[Listed entries — start]

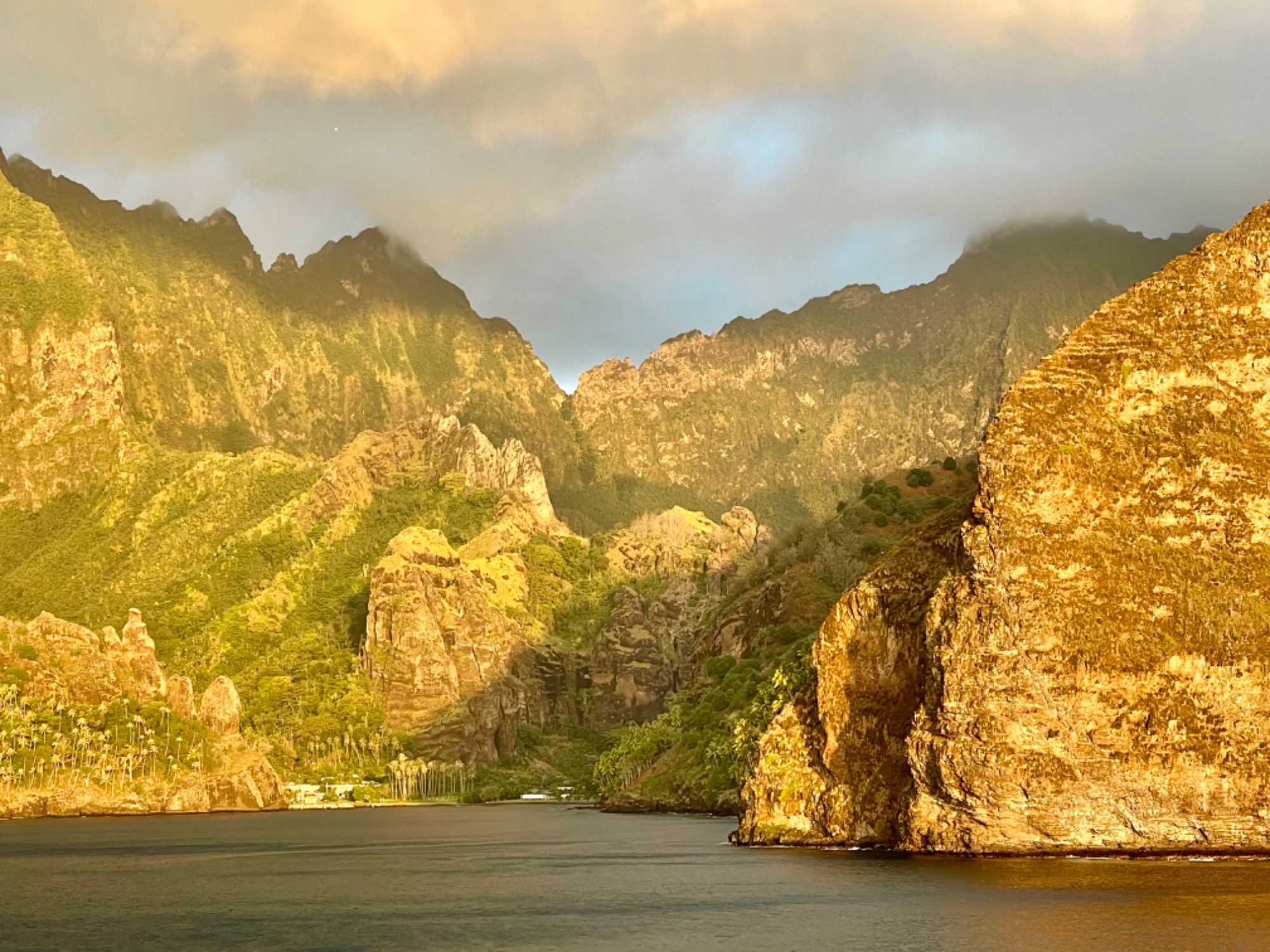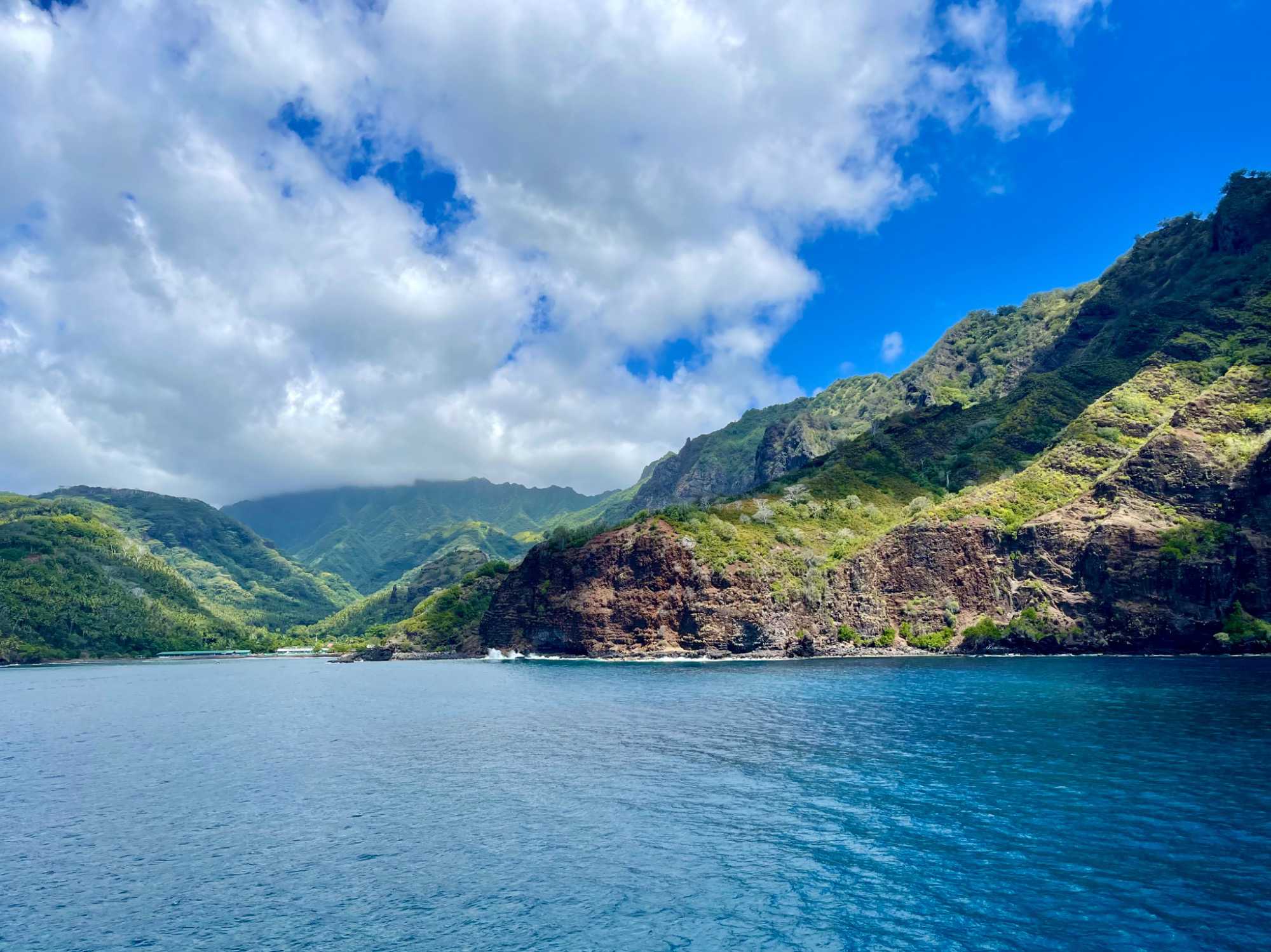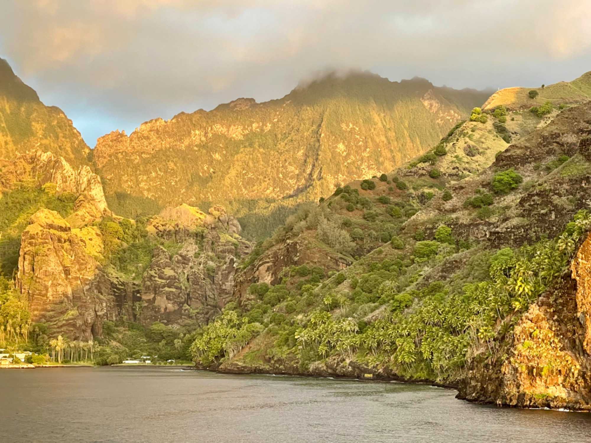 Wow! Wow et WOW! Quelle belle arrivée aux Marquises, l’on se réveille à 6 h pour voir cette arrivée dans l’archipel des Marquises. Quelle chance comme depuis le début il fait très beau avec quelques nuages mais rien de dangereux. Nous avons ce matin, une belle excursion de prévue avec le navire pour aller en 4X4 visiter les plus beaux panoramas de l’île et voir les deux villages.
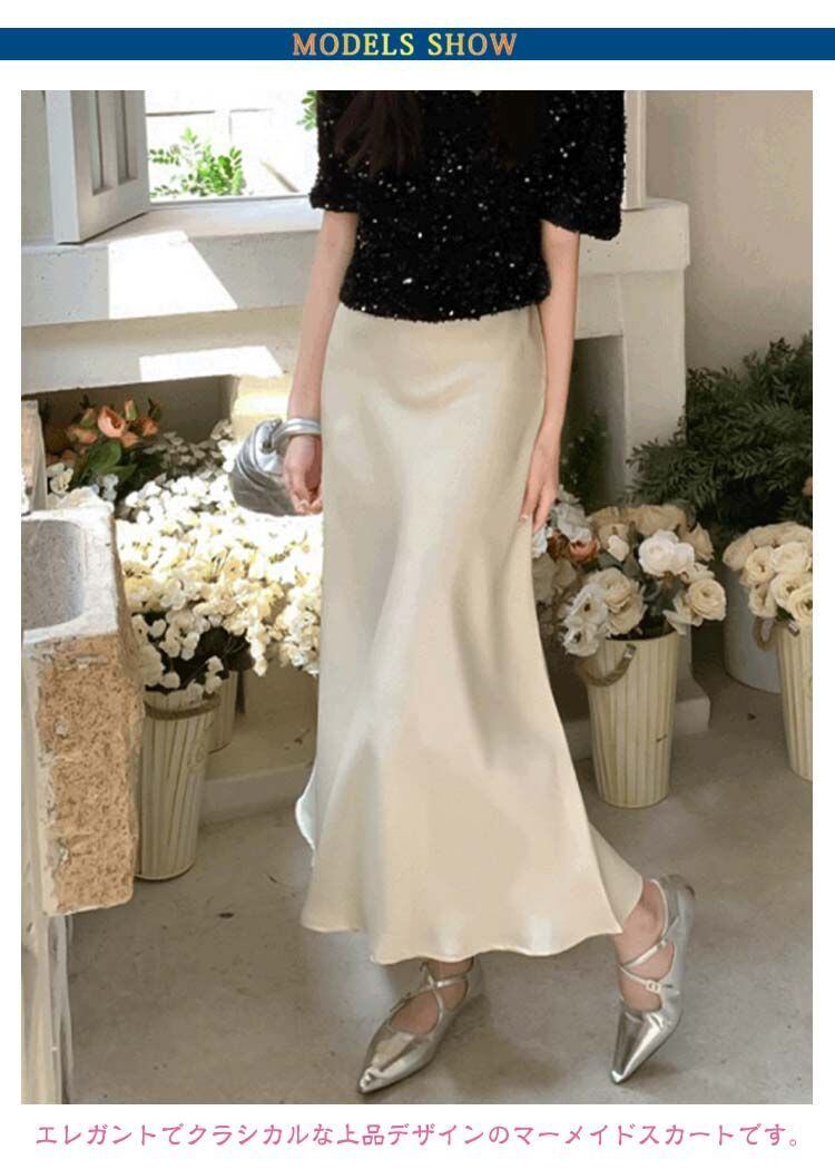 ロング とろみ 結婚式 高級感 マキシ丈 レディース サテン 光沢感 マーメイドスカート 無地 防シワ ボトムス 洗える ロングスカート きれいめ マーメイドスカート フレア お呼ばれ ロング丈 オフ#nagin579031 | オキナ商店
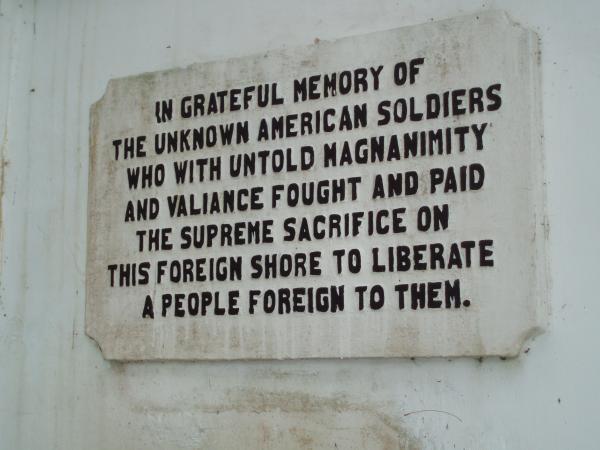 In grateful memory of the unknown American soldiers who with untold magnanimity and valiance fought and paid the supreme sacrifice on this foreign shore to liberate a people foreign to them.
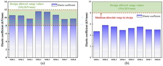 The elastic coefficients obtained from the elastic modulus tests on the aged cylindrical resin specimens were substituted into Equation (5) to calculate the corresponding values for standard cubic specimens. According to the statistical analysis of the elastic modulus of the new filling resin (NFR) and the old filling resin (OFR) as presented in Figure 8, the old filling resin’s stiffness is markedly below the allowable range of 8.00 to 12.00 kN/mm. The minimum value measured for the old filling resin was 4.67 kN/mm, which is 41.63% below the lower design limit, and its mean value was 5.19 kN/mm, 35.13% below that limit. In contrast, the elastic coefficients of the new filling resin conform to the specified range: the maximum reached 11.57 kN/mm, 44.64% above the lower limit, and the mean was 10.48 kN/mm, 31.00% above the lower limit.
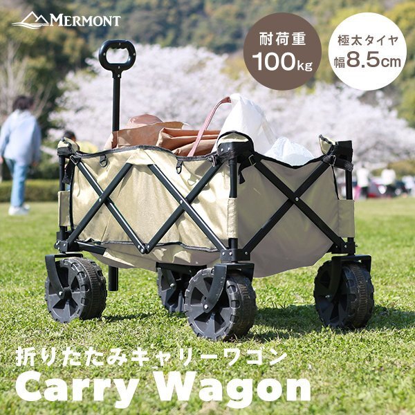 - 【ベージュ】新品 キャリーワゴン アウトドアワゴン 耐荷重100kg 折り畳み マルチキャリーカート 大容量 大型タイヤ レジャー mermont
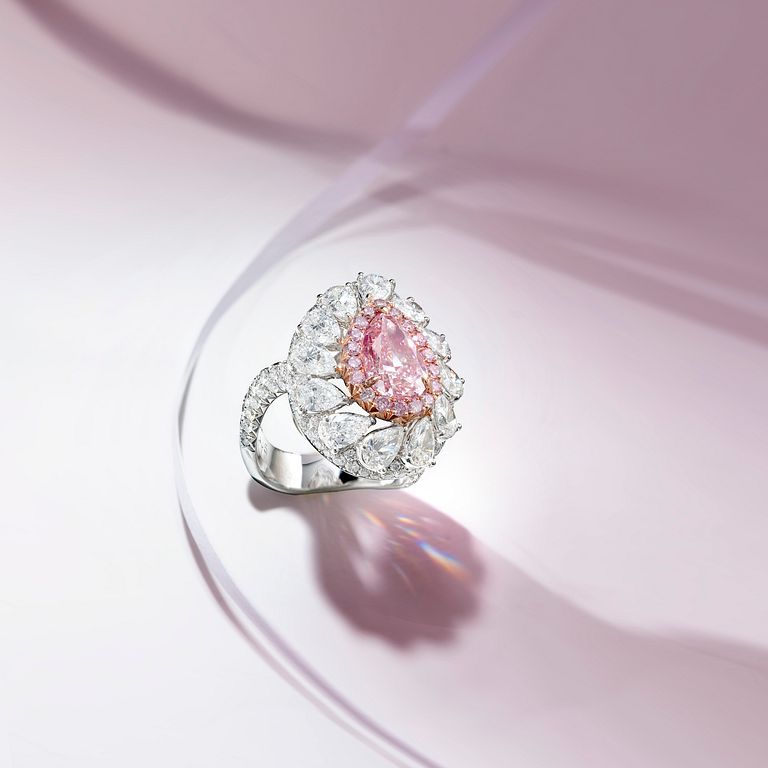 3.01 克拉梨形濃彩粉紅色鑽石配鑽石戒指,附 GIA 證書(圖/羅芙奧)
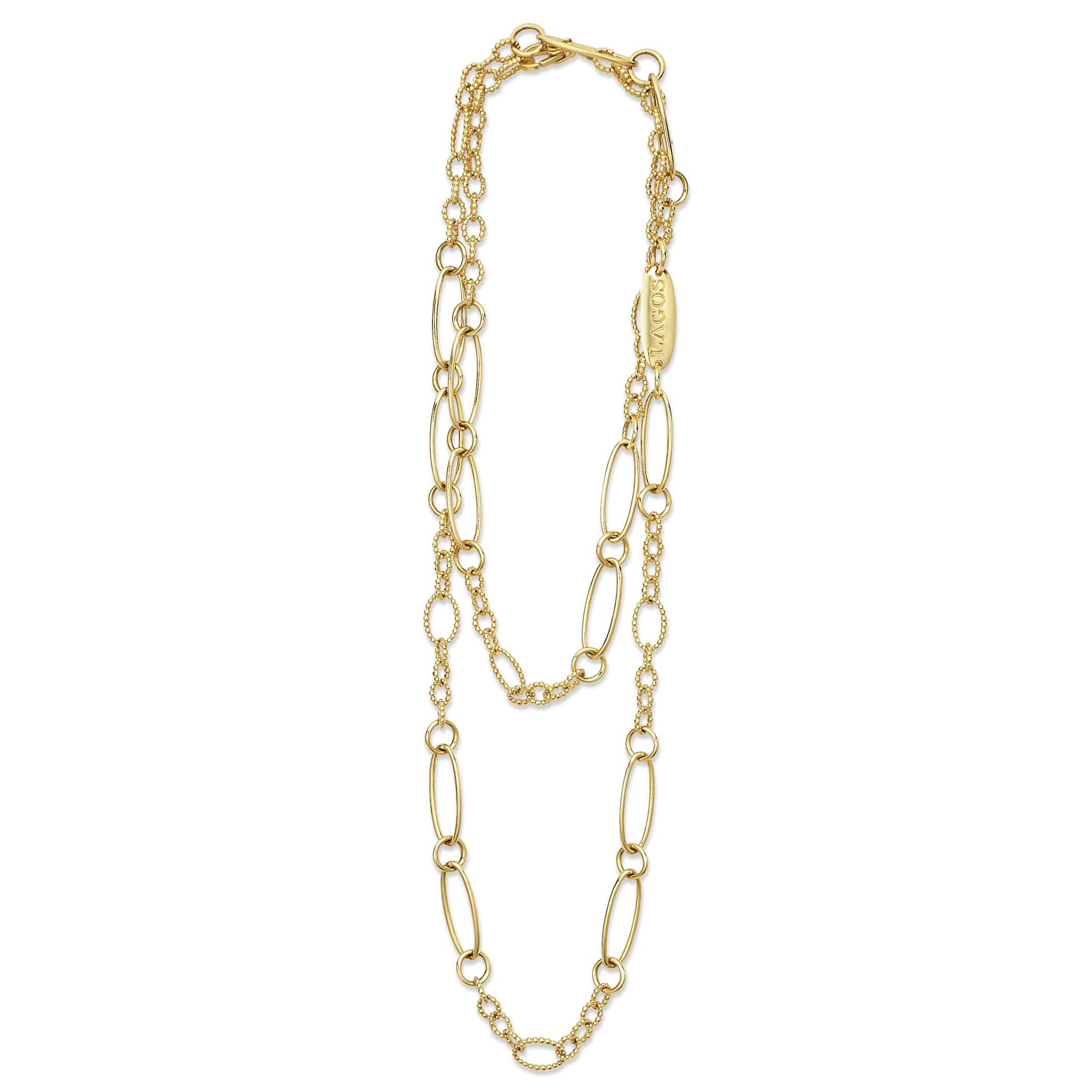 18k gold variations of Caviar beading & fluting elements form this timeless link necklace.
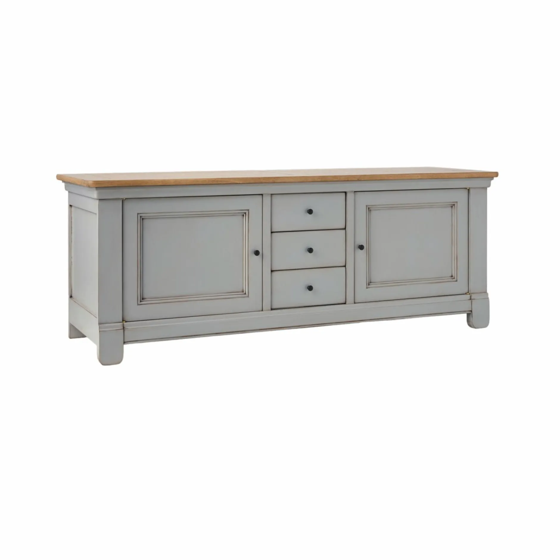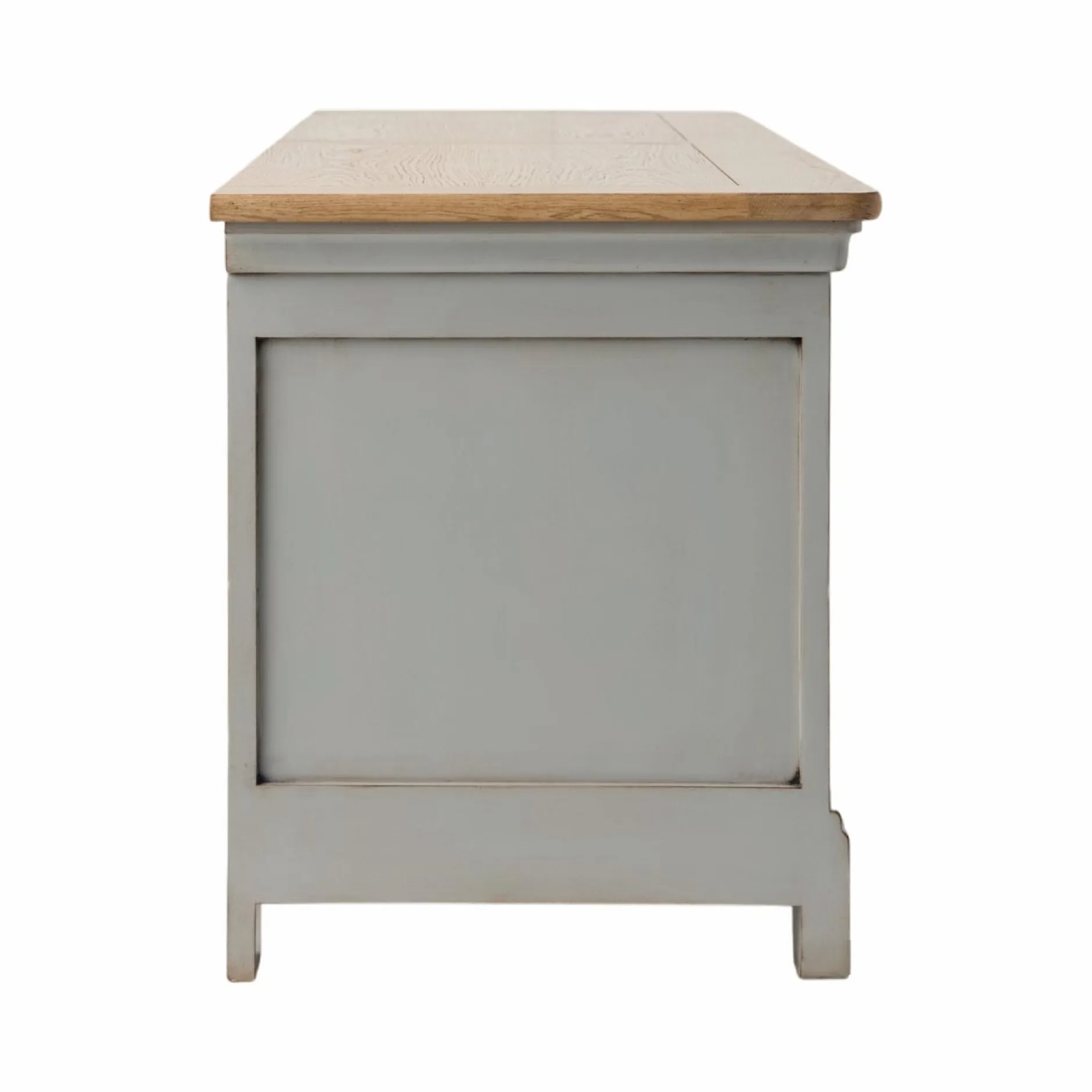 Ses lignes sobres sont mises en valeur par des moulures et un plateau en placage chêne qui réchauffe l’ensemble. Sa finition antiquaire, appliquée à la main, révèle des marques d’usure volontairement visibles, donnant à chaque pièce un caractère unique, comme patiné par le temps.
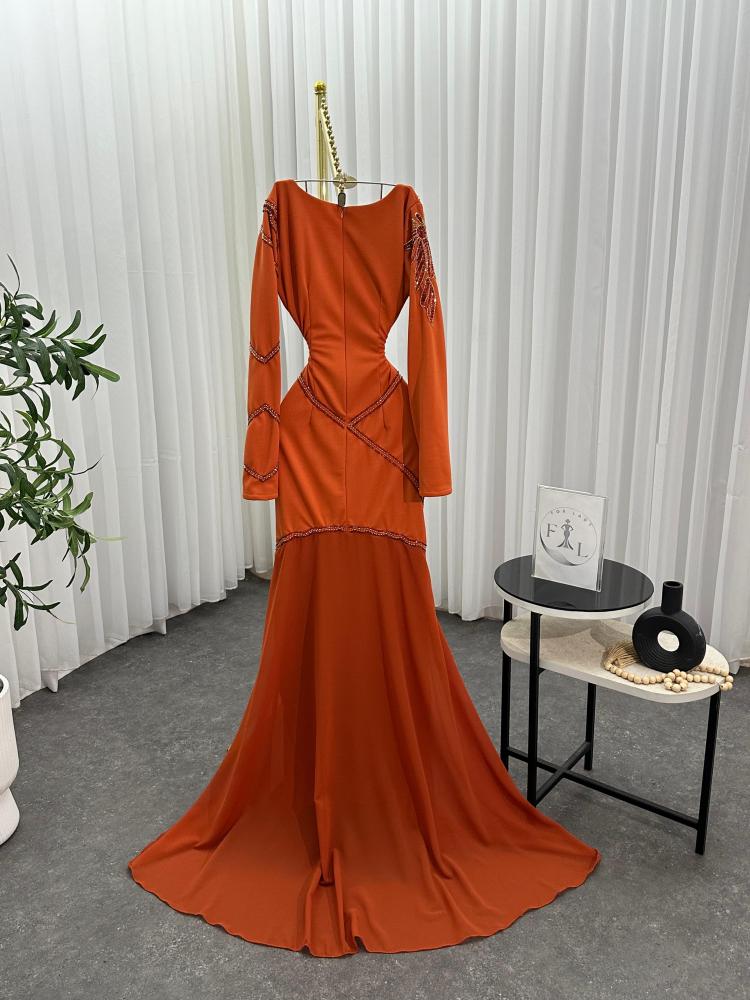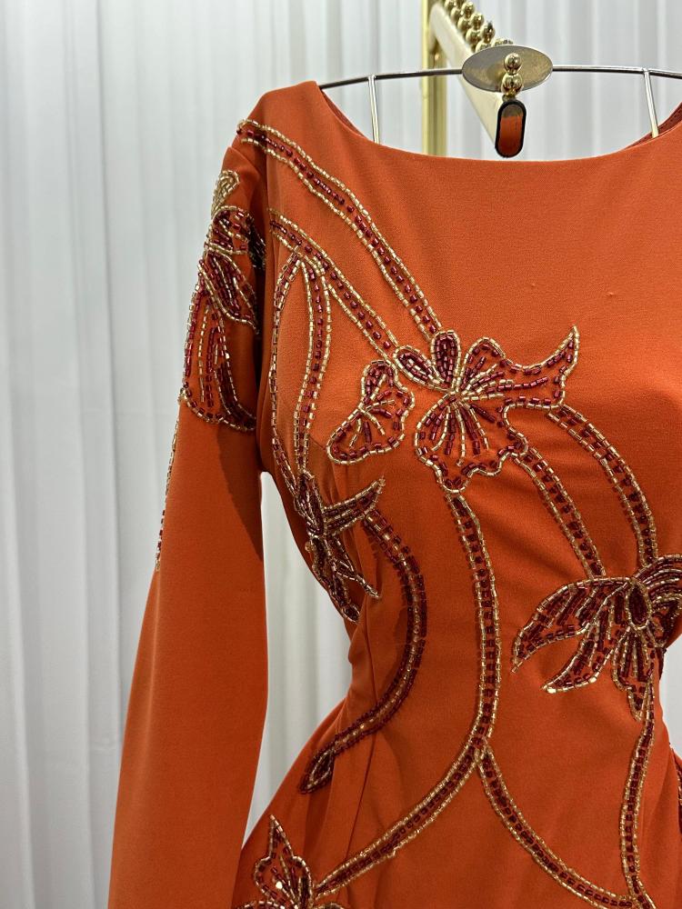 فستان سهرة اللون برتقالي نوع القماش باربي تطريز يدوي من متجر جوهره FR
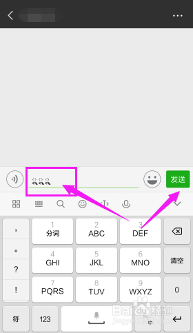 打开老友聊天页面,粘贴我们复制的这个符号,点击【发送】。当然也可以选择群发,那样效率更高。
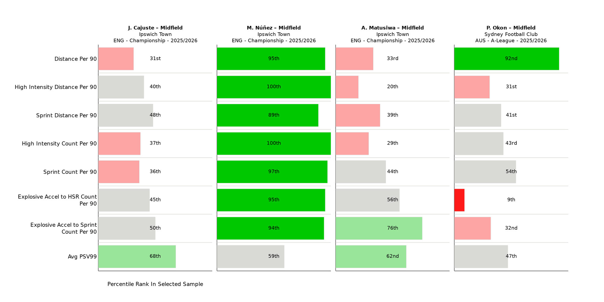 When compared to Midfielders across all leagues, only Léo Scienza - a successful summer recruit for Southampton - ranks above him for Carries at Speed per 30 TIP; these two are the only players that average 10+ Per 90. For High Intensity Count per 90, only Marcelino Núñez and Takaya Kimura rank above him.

[Listed entries — finish]

The records above must be printed exactly, but the pictures they hold should be omitted.

 Wow! Wow et WOW! Quelle belle arrivée aux Marquises, l’on se réveille à 6 h pour voir cette arrivée dans l’archipel des Marquises. Quelle chance comme depuis le début il fait très beau avec quelques nuages mais rien de dangereux. Nous avons ce matin, une belle excursion de prévue avec le navire pour aller en 4X4 visiter les plus beaux panoramas de l’île et voir les deux villages.
 ロング とろみ 結婚式 高級感 マキシ丈 レディース サテン 光沢感 マーメイドスカート 無地 防シワ ボトムス 洗える ロングスカート きれいめ マーメイドスカート フレア お呼ばれ ロング丈 オフ#nagin579031 | オキナ商店
 In grateful memory of the unknown American soldiers who with untold magnanimity and valiance fought and paid the supreme sacrifice on this foreign shore to liberate a people foreign to them.
 The elastic coefficients obtained from the elastic modulus tests on the aged cylindrical resin specimens were substituted into Equation (5) to calculate the corresponding values for standard cubic specimens. According to the statistical analysis of the elastic modulus of the new filling resin (NFR) and the old filling resin (OFR) as presented in Figure 8, the old filling resin’s stiffness is markedly below the allowable range of 8.00 to 12.00 kN/mm. The minimum value measured for the old filling resin was 4.67 kN/mm, which is 41.63% below the lower design limit, and its mean value was 5.19 kN/mm, 35.13% below that limit. In contrast, the elastic coefficients of the new filling resin conform to the specified range: the maximum reached 11.57 kN/mm, 44.64% above the lower limit, and the mean was 10.48 kN/mm, 31.00% above the lower limit.
 - 【ベージュ】新品 キャリーワゴン アウトドアワゴン 耐荷重100kg 折り畳み マルチキャリーカート 大容量 大型タイヤ レジャー mermont
 3.01 克拉梨形濃彩粉紅色鑽石配鑽石戒指,附 GIA 證書(圖/羅芙奧)
 18k gold variations of Caviar beading & fluting elements form this timeless link necklace.
 Ses lignes sobres sont mises en valeur par des moulures et un plateau en placage chêne qui réchauffe l’ensemble. Sa finition antiquaire, appliquée à la main, révèle des marques d’usure volontairement visibles, donnant à chaque pièce un caractère unique, comme patiné par le temps.
 فستان سهرة اللون برتقالي نوع القماش باربي تطريز يدوي من متجر جوهره FR
 打开老友聊天页面,粘贴我们复制的这个符号,点击【发送】。当然也可以选择群发,那样效率更高。
 When compared to Midfielders across all leagues, only Léo Scienza - a successful summer recruit for Southampton - ranks above him for Carries at Speed per 30 TIP; these two are the only players that average 10+ Per 90. For High Intensity Count per 90, only Marcelino Núñez and Takaya Kimura rank above him.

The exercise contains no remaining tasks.